FIG. 6 illustrates photographs comparing the visual appearance of the welds produced during slope-out for various defocusing trials of FIG. 5, which were done on as a bead-on-plate basis. Similarly, welding proceeds from right to left following a 100 mm long steady-state weld, which is shown to the right (shown by the “weld” arrow at the top) and with the slope-out methodology starting where (shown by the “Slope out” arrow at the top to the left of the “weld” arrow). The vertical arrows in each respective illustration of the welds identifies the point at which the electron beam is focused on the surface of the workpiece. The portion of the slope-out weld during which the beam was under-focused is illustrated by the horizontal “UF” range (shown by the UF arrows), and the portion of the slope-out weld during which the beam was over-focused is illustrated by the horizontal “OF” range (shown by the OF arrows).

Everything prior to (or to the right of) the Slope out arrow was under-focused and everything after over-focused (i.e., beam max power density is outside the material, gun side). In the case of 1130 mA condition, the weld started to exhibit weld crown sagging, therefore no more trials were conducted. The low lens current trial (490 mA) relates to the general case where during the slope-out the focal position returns to 0. The fact that the weld tapers at the end of the slope shows that the beam is effectively focused at the surface at the end of the slope (shown by an arrow). As can be seen, the weld melt pool is unstable and drips at the end during the slope.
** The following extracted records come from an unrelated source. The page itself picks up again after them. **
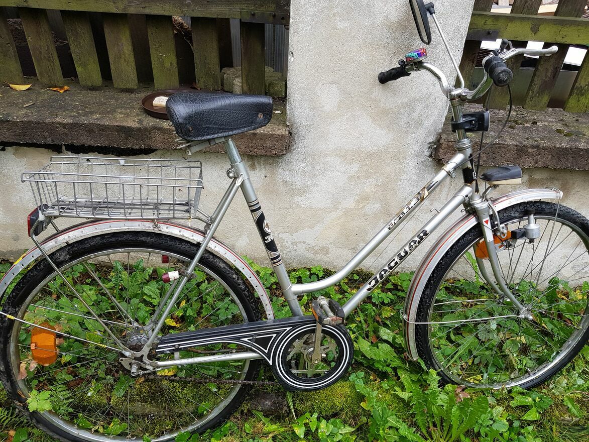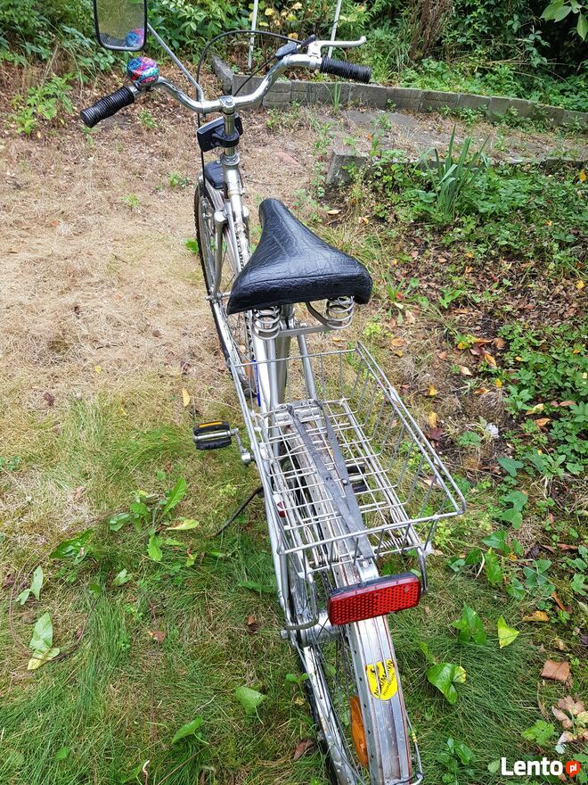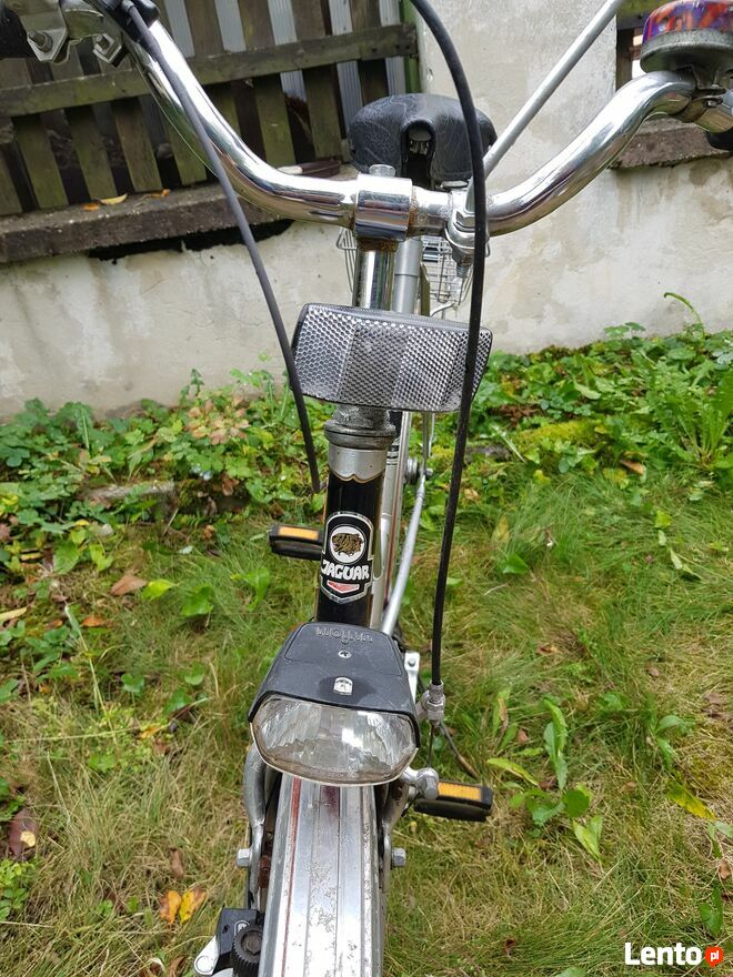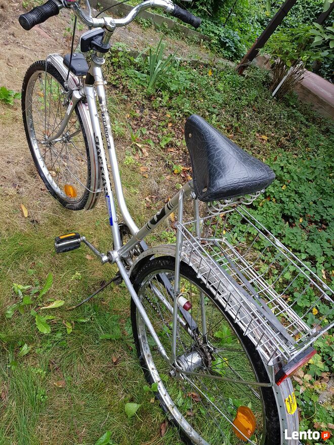 Rower miejski damka Jaguar de Lux w stanie widocznym na zdjęciach.Rower stał dwa lata nie używany więc jest do przeglądu.Przed postojem był sprawny.Koła bez powietrza.Stan jak na foto. Odbiór osobisty-nie wysyłam.Sprawdź zainteresowanie tym ogłoszeniem
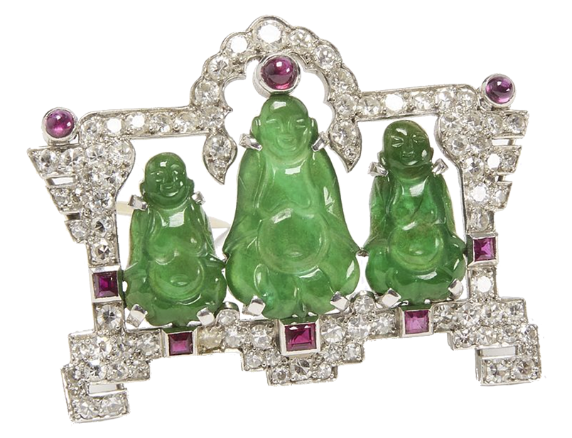 Fine Cartier Art Deco diamond, rubies and jade brooch. Stamped Cartier. Done in platinum (acid touchstone tested) mounting, forged and hand assembled.
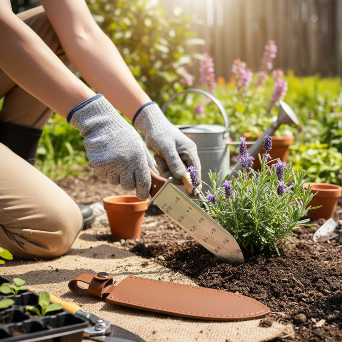 Precisely digging planting holes and scooping soil for container gardening and transplanting.
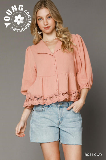 cotton gauze top with floral details
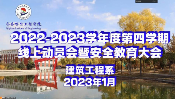 为落实《齐齐哈尔工程学院2022-2023学年度第四学期实施方案》的相关要求,践行立德树人,加强社会实践教育,落实劳动教育,深化教育教学改革,丰富学生的社会阅历,增强学生的社会责任感及人文修养,提高学生的综合素质,培养应用型、职业型的创业者,建筑工程系于2023年1月4日通过腾讯会议的形式召开第四学期线上动员会暨安全教育大会。
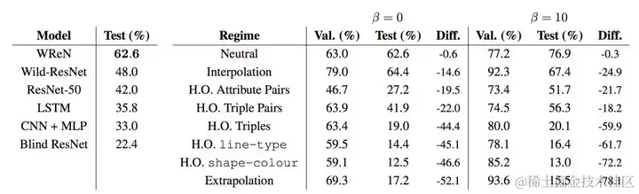 当需要使用属性值在先前看到的属性值之间 “内推” (interpolated),以及在不熟悉的组合中应用已知的抽象关系时,模型的泛化效果非常好。但是,同样的网络在 “外推” (extrapolation)机制中表现糟糕得多,在这种情况下,测试集中的属性值与训练期间的属性值不在同一范围内。对于在训练中包含深色物体,但测试中包含浅色物体的谜题中就会出现这种情况。当模型被训练来将以前见到的关系(比如形状的数量)应用到一个新的属性(比如形状的大小)时,泛化性能也会更差。
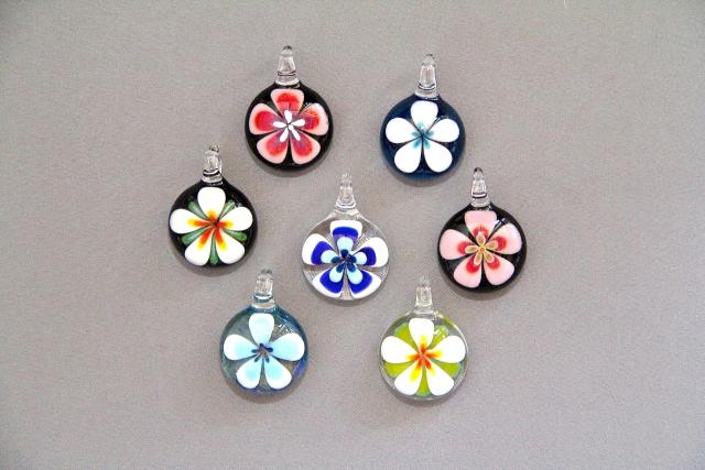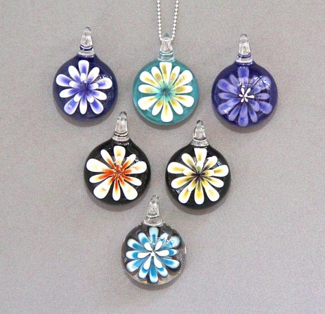 FLOWERS are made from Borosilicate Glass by our Lampwork Artisians. They are beautiful as a choker or longer necklace. Bead hobbiests make gorgeous works with the Flower Pendants. The approximate size of a tear drop shaped flower is 2".
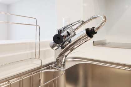 シンクの隅々までしっかり洗える浄水機能付き引き出しシャワー水栓。
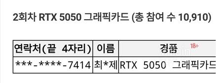 다나와 5050 래플 당첨자 나왔네요.
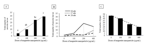 Figure 3 (A) Number of necrotic larvae under three different NPs suspensions (µg/mL): “0” is “control” *; (B) Number of necrotic larvae over doses of NPs measured in three different dates; (C) Total number of pupae under three different NPs suspensions. *Mean values followed by the same superscript letter are not significantly different (P > 0.05) by ANOVA Tukey's test.
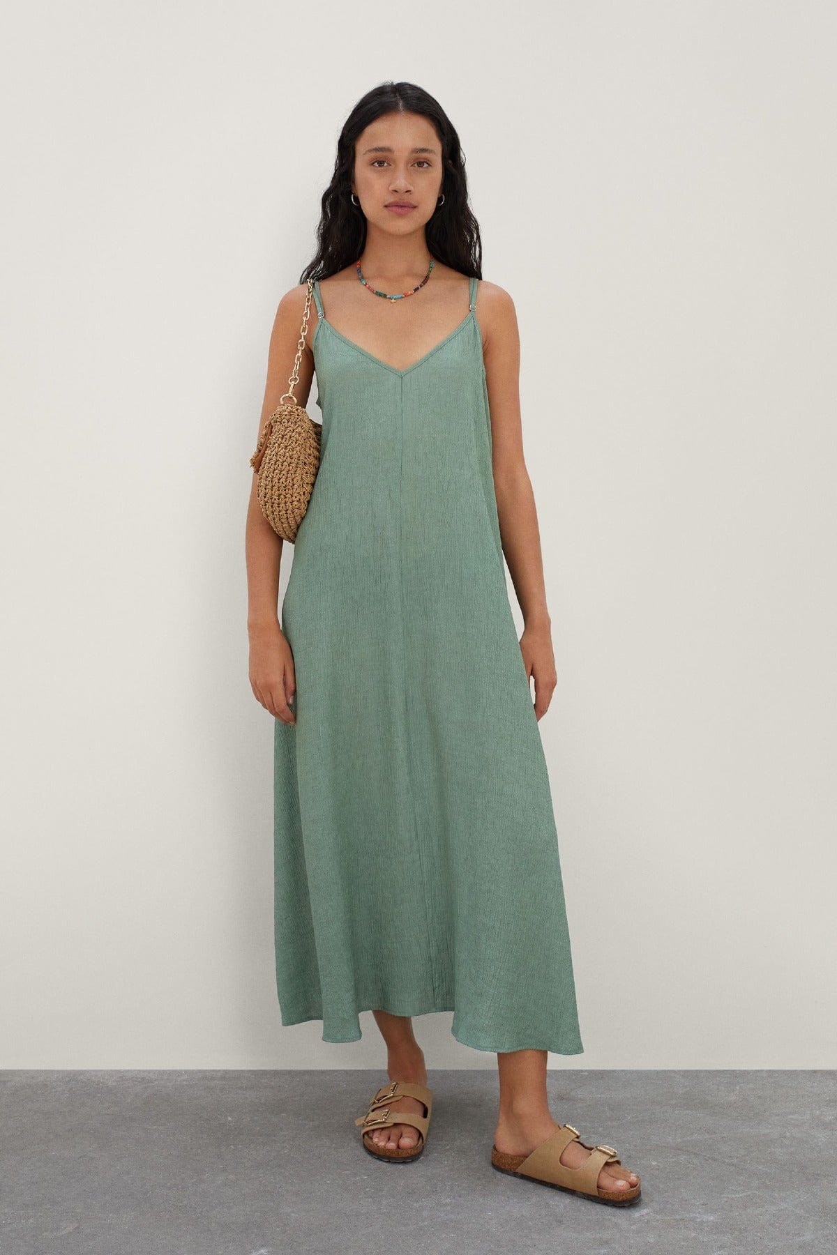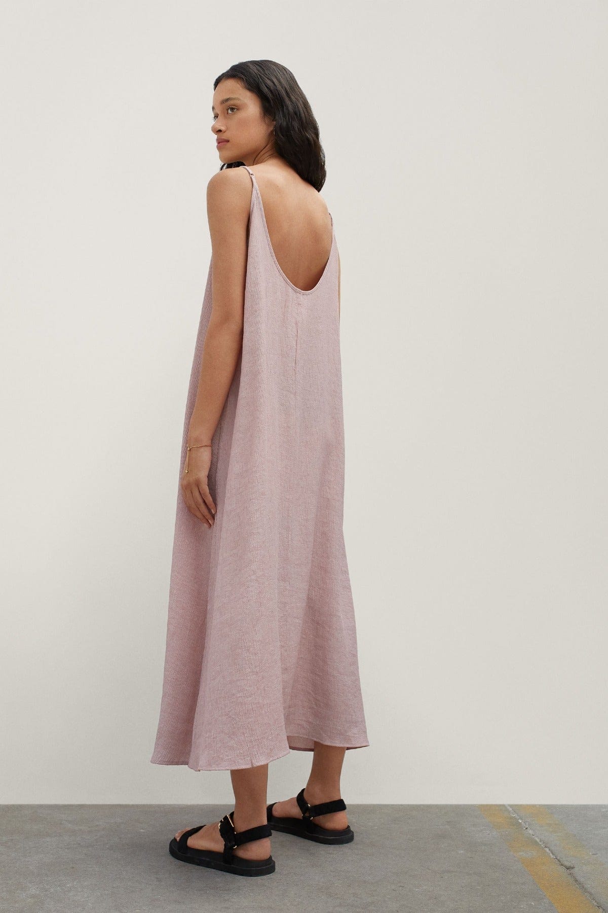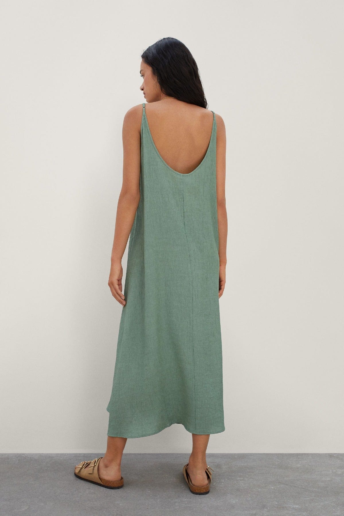 فستان ميدي نوم بحمالات بفتحة ظهر عميقة
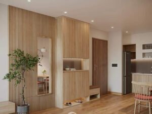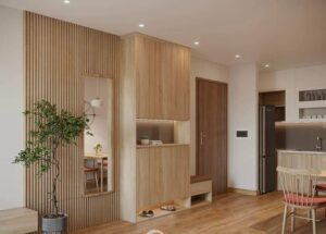 Kết hợp cùng đó là tủ giày cao kịch trần giúp lưu trữ được nhiều đồ dùng giúp căn nhà trở nên gọn gàng và sạch sẽ hơn, đảm bảo chất lượng cuộc sống hiện đại
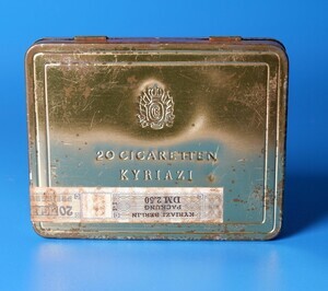 I. Kyriazi gründete, zusammen mit seinen Brüdern, 1873 in Cairo/Ägypten die Zigarettenfabrik Kyriazi Freres. Es wurden Unternehmen in Amsterdam und 1925 in Hamburg eröffnet. Nach dem 2. WK wurde eine Fabrik in Berlin gegründet. In den 1960er Jahren wurde Kyriazi von der BAT übernommen. Zwischen 1957-1972 wurde die Marke EGYPTICA in Berlin produziert. Unser Objekt ist eine leere 20er Blechpackung, etwa aus dem Jahr 1970. Neben dem Markennamen EGYPTICA ist auf dem Deckel noch der Firmenname mit Herkunftshinweis „Cairo (EGYPT)“ aufgedruckt. Auf der Rückseite findet sich ein Teil der Steuerbandrole, mit dem Aufdruck „Kyriazi –Berlin Packung 2,50 DM“, erhalten.
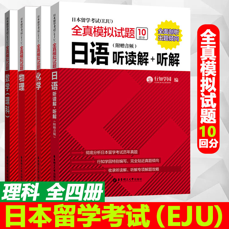 Экзамен Японии за рубежом (EJU) Полное истинное моделирование Вопросы физики+химия+математика+японское решение для прослушивания и прослушивания. Четыре книги японского изучения за рубеж
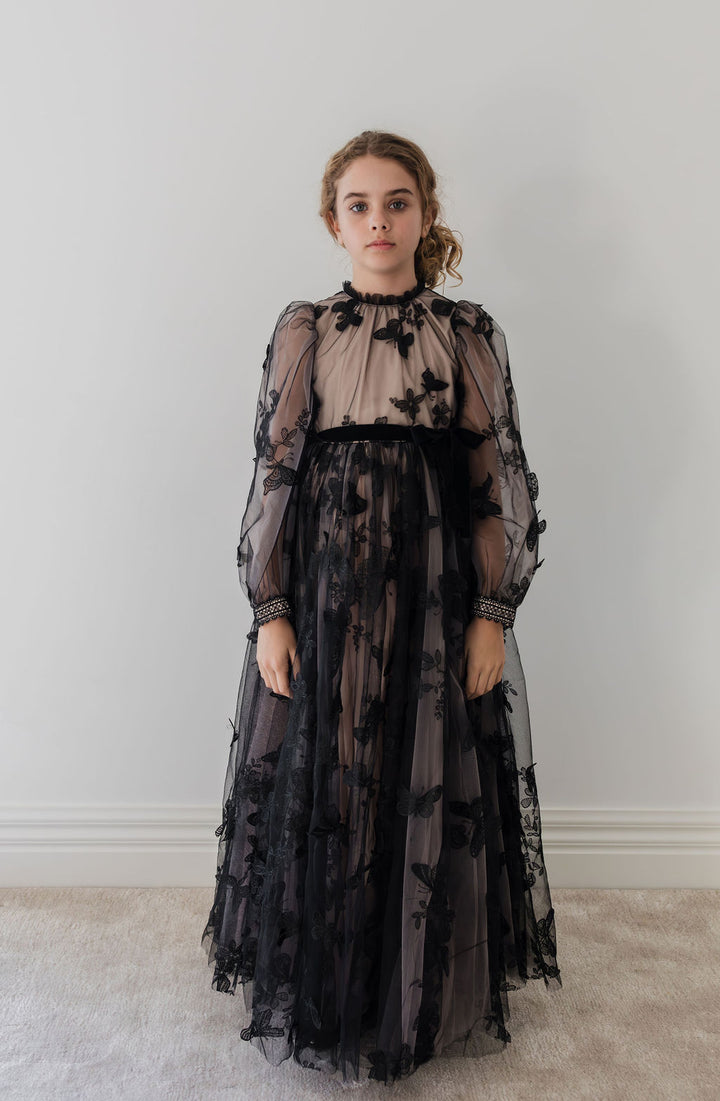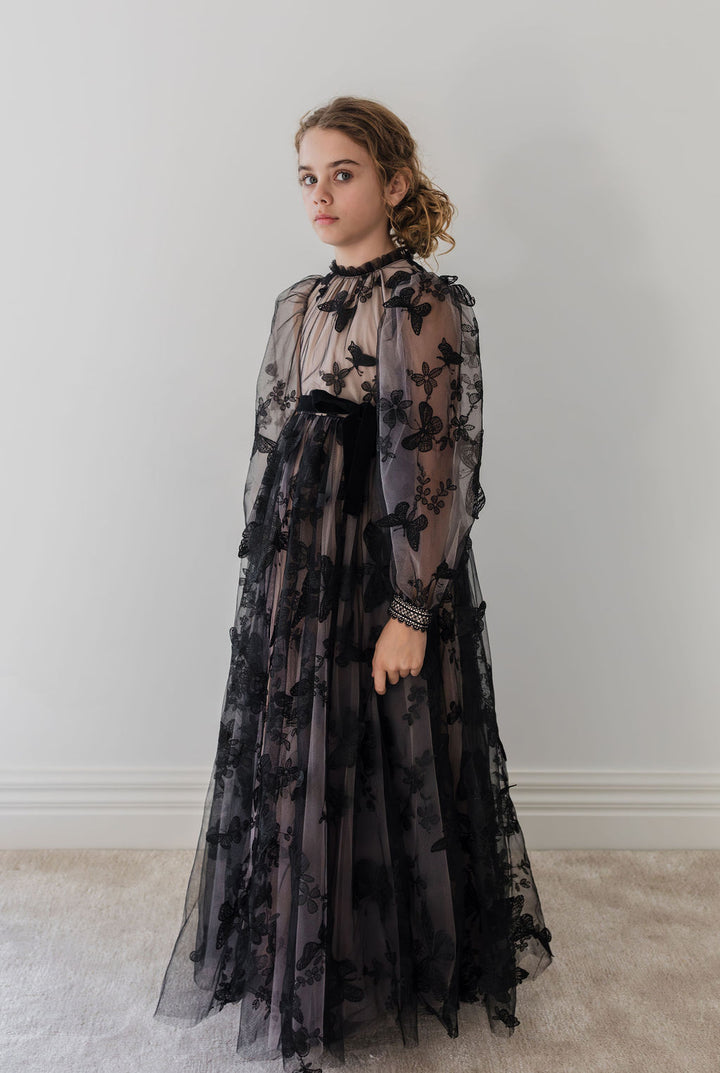 1214 GOWN-Butterfly Tulle W/Nude Lining-Black/Nude
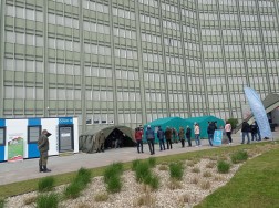 Przed mobilnym punktem szczepień, zlokalizowanym przed Świętokrzyskim Urzędem Wojewódzkim w Kielcach, ciągnie się ogromna kolejka tych, którzy oczekują na szczepienia. Akcja „Zaszczep się w majówkę” cieszyła się tak dużym zainteresowaniem, że postanowiono powtórzyć ją w ten weekend.

Increasing the defocusing value during the slope-out at +570, +650, +730, +810 and +970 mA greatly improved the visual appearance of the slope-out region. At +570 mA, the melt pool was not stable and crown sagging was noted. For this situation, the focal point was again located towards the end of the slope. As the defocus value increased, however, the point where the beam focal point was exactly on the material crown surface appears earlier during the slope-out (shown by the arrow). This is visible through a narrowing of the weld crown. In the case of 1130 mA condition, the weld started to exhibit crown sagging, therefore no more trials were conducted. This shows that the initial rate of defocusing was better with +1130 but it is too much and leads to sagging, which illustrates that in some embodiments, a non-linear defocusing rate for the slope-out methodology may be preferred, such as 2 linears or more.

Manual ultrasonic testing (UT) was performed to evaluate defects. With this process, the parameter set with (−490) +970 mA slope focus was the condition that yielded the least defects. In addition, this slope-out condition produced the weld with the best visual appearance. Based on these results this parameter set was selected for subsequent investigations, which are described below.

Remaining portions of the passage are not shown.